All Theses, Dissertations, and Capstone Projects

Year of Award

1991

Degree

Master of Business Administration (MBA)

College

College of Business & Professional Studies

Department

Business Administration

Keywords

HMO, hospital, insurance, expenses

Abstract

The urban physician has evolved from the single practitioner to the two physician group and finally evolving into the larger "group" practicing physician. This evolution has taken place due to various factors, and statistics support the view that group physicians are making more money than solo physicians.

Statistics also support the view that because of government and insurance reimbursements for medical services, outpatient medical services are increasing. The physicians participating in multispecialty groups find that they can provide the same services as hospitals "in-house".

Planning within the group to select what services are possible and economical involves more health care management professionals than ever before. Contract negotiations with Managed Health Care Plans for providing services carries more clout when large groups become involved in contracting with Plans.

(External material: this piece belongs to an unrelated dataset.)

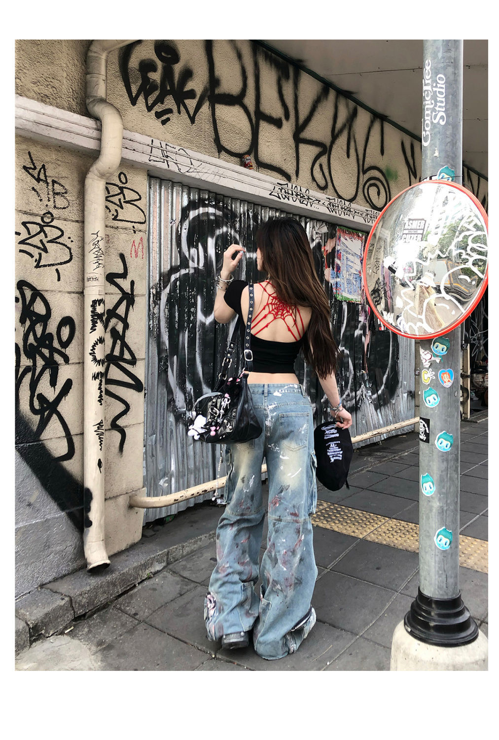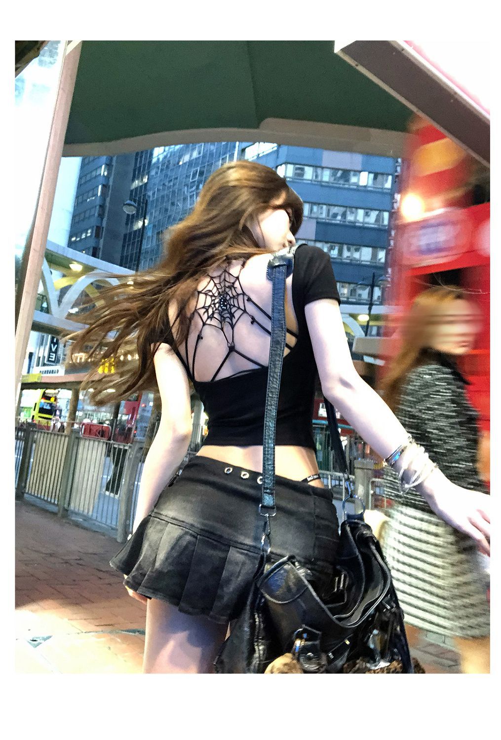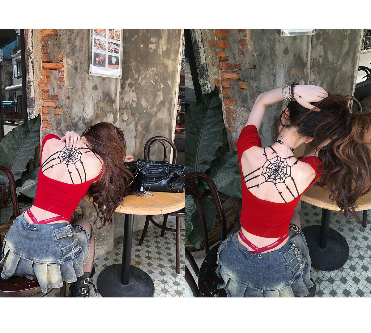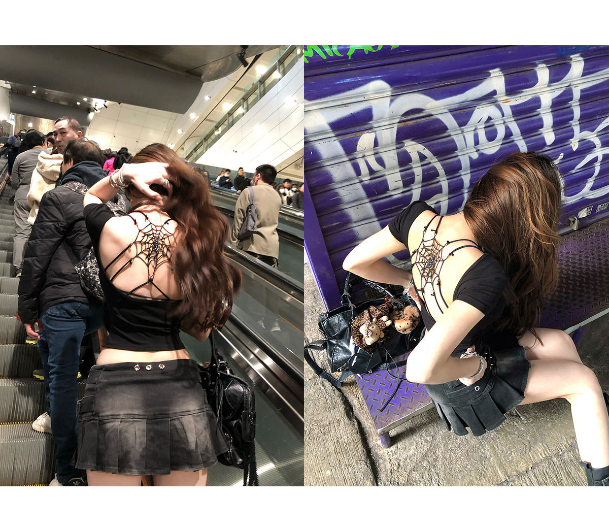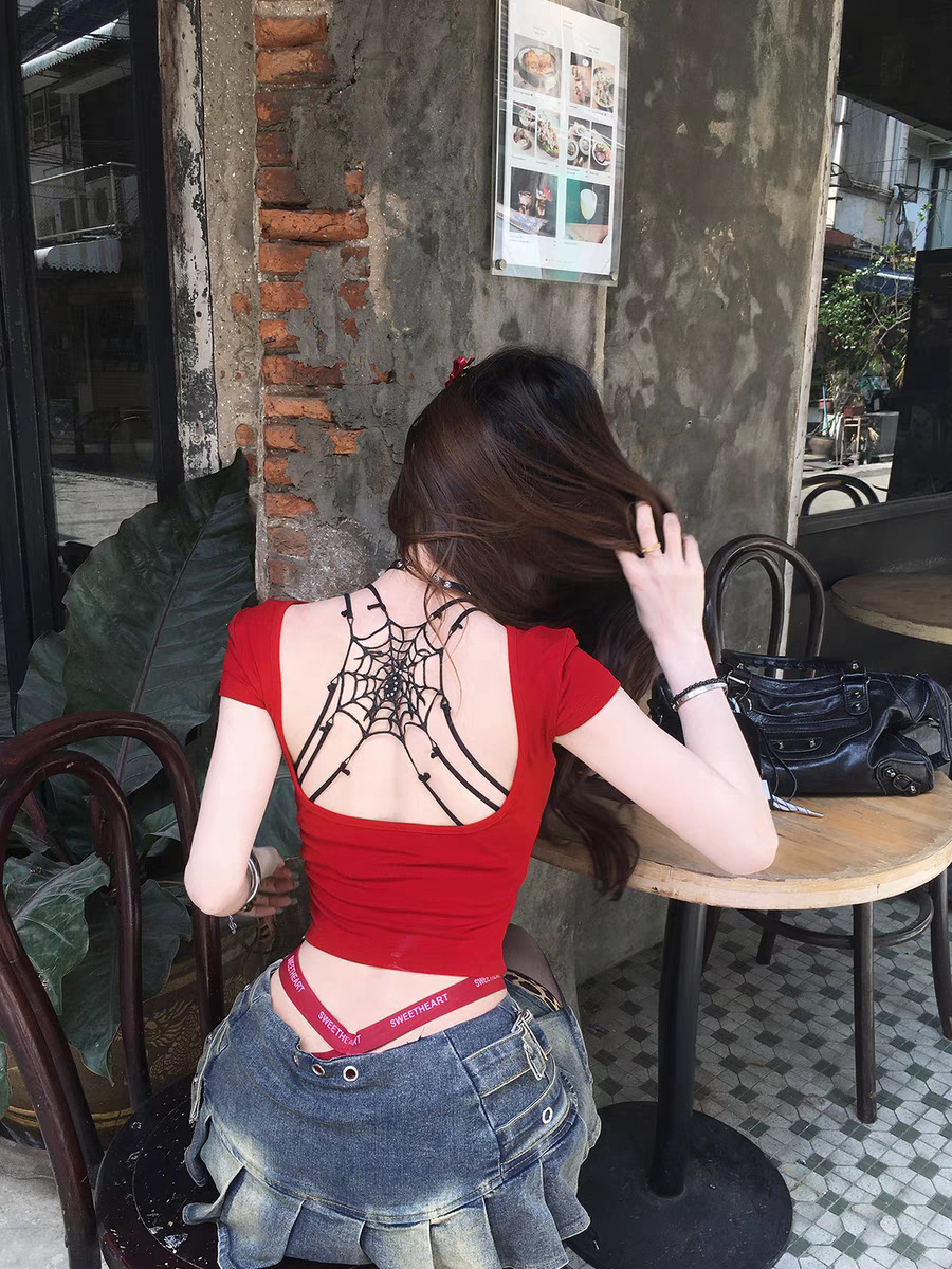 핫걸들을 위한 슬링 아름다운 등 와이어 브라, 홀터넥 앞 버튼, 스파이더 웹 백리스 브라, 크로스 얇은 스트랩 푸쉬업 브라스토어 가기
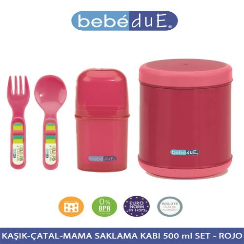 Bebedue Kaşık Çatal Mama Saklama Kabı 500 ML - Mor

Large group practices (especially multispecialty groups) have the same fixed costs in varied proportions as solo practices, such as: rent, utilities, tax, licenses and telephone. Using the variable costs to their maximum in group practices provides the most services at the lowest costs. Group practices can select what services they find the economical, solo practices can not afford to provide any, and hospitals are responsible for providing all services.

Governmental negotiations have been proposed to go into effect in 1992 on physicians' office laboratories. It is anticipated that radiology licensing will follow. The cost of maintaining ancillary departments that qualify for licensing will dramatically increase. Only group practices will be able to afford the costs of maintaining the departments.

Projections for the 1990s show that groups will continue to grow in size and revenue while solo practices and small groups' revenues will remain the same or fall off. This indicates that large groups will increase revenues and salaries for the participating physicians.

Only the large groups can compete for services with hospitals, because only large groups can afford to buy the technologies necessary to compete. The cost of medical technologies will continue to grow, and only large groups will have the volume necessary to make the investment pay off.

Projections for gross income show that charges for services will continue to be reduced by government reimbursement limits and by managed care plans. Larger groups can increase charge volume by increasing services while smaller groups do not have that capability.

Insurance expenses, mainly malpractice insurance, has become a concern for physicians. Malpractice expense continues to escalate. Large groups have advantages in negotiating premiums as insurance companies want to deal with groups.

The disadvantages to group practice are varied. It becomes a genuine cost-benefit analysis paradox. The cost savings have been illustrated, but the benefits of savings must be weighed against the loss of independence for the physician.